When applied to a data frame, returns a data frame giving the confidence interval for each variable in the data frame using t.test or binom.test, unless the data frame was produced using do, in which case it is assumed that each variable contains resampled statistics that serve as an estimated sampling distribution from which a confidence interval can be computed using either a central proportion of this distribution or using the standard error as estimated by the standard deviation of the estimated sampling distribution. For the standard error method, the user must supply the correct degrees of freedom for the t distribution since this information is typically not available in the output of do().

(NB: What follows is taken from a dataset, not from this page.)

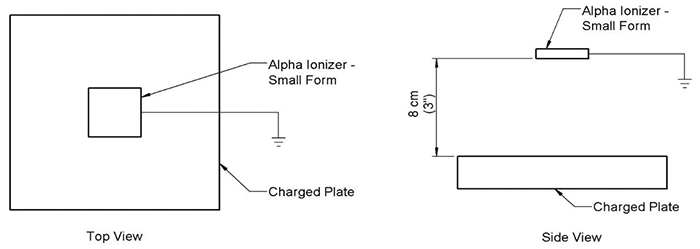 The CPM plate should be installed 15 cm (6 inches) from the test surface. Unless otherwise specified, the test surface should be static dissipative or conductive and properly grounded. The test technician should be properly grounded. The non-airflow alpha ionizer should be installed 7.5 cm (3 inches) above the CPM plate. The space between the ionizer and the CPM plate should not contain airflow obstructions. End users can follow these suggestions, or they can test non-airflow alpha ionizers in the same configuration and distance as they intend to use.

When applied to a numerical vector, returns a vector.

Details

The methods of producing confidence intervals from bootstrap distributions are currently quite naive. In particular, when using the standard error, assistance may be required with the degrees of freedom, and it may not be possible to provide a correct value in all situations. None of the methods include explicit bias correction. Let \(q_a\) be the \(a\) quantile of the bootstrap distribution, let \(t_a, df\) be the \(a\) quantile of the t distribution with \(df\) degrees of freedom, let \(SE_b\) be the standard deviation of the bootstrap distribution, and let \(\hat{\theta}\) be the estimate computed from the original data. Then the confidence intervals with confidence level \(1 - 2a\) are

quantile

\((q_a, q_{1-a}) \)

reverse

\(( 2 \hat{\theta} - q_{1-a}, 2\hat{\theta} - q_{a} )\)

stderr

\((\hat{\theta} - t_{1-a,df} SE_b, \hat{\theta} + t_{1-a,df} SE_b) \). When df is not provided, at attempt is made to determine an appropriate value, but this should be double checked. In particular, missing data an lead to unreliable results.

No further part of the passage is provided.